● **Supplied material**:
#####

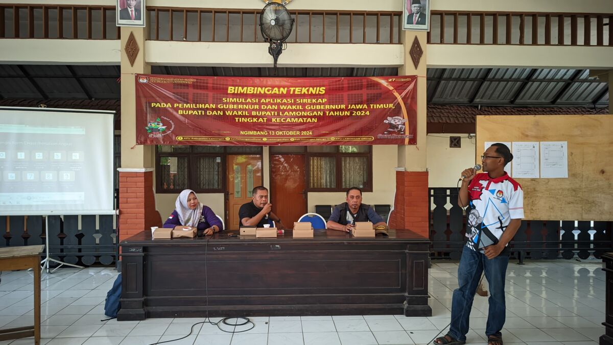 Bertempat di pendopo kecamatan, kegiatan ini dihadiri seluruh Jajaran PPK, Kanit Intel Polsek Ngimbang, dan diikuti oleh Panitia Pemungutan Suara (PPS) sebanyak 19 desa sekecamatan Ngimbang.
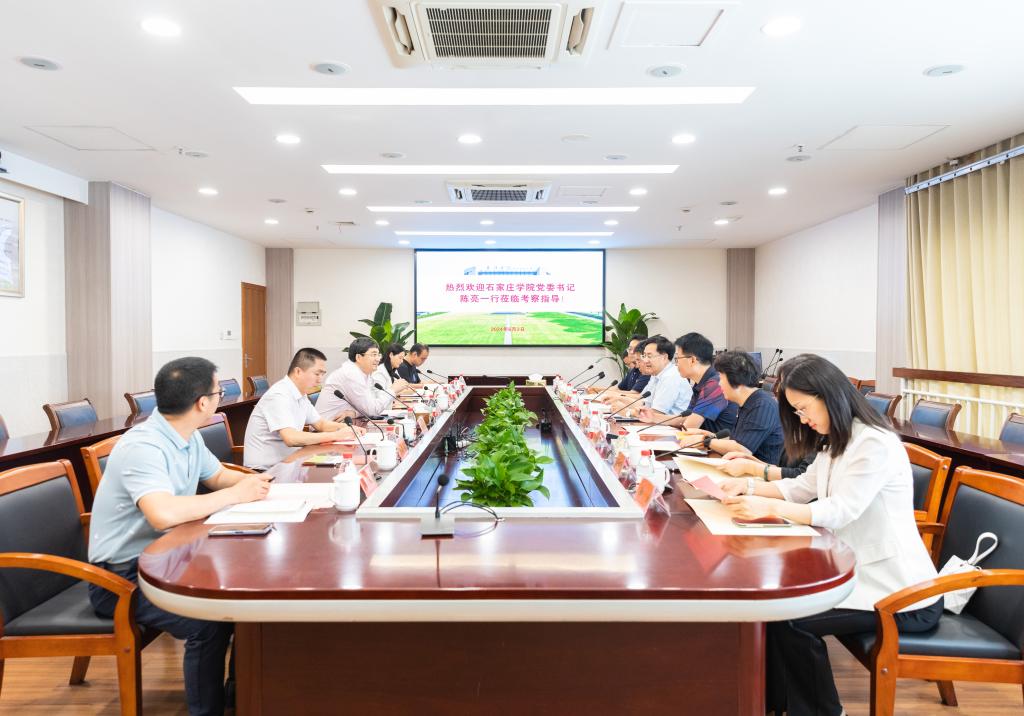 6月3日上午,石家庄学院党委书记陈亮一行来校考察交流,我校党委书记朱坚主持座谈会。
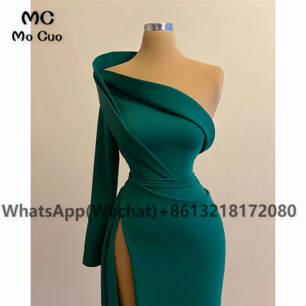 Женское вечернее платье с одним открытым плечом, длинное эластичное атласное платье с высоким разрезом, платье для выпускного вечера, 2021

#####

● **What the task asks**: Please copy out the material above exactly, with the images removed.

● **Answer box**:
 Bertempat di pendopo kecamatan, kegiatan ini dihadiri seluruh Jajaran PPK, Kanit Intel Polsek Ngimbang, dan diikuti oleh Panitia Pemungutan Suara (PPS) sebanyak 19 desa sekecamatan Ngimbang.
 6月3日上午,石家庄学院党委书记陈亮一行来校考察交流,我校党委书记朱坚主持座谈会。
 Женское вечернее платье с одним открытым плечом, длинное эластичное атласное платье с высоким разрезом, платье для выпускного вечера, 2021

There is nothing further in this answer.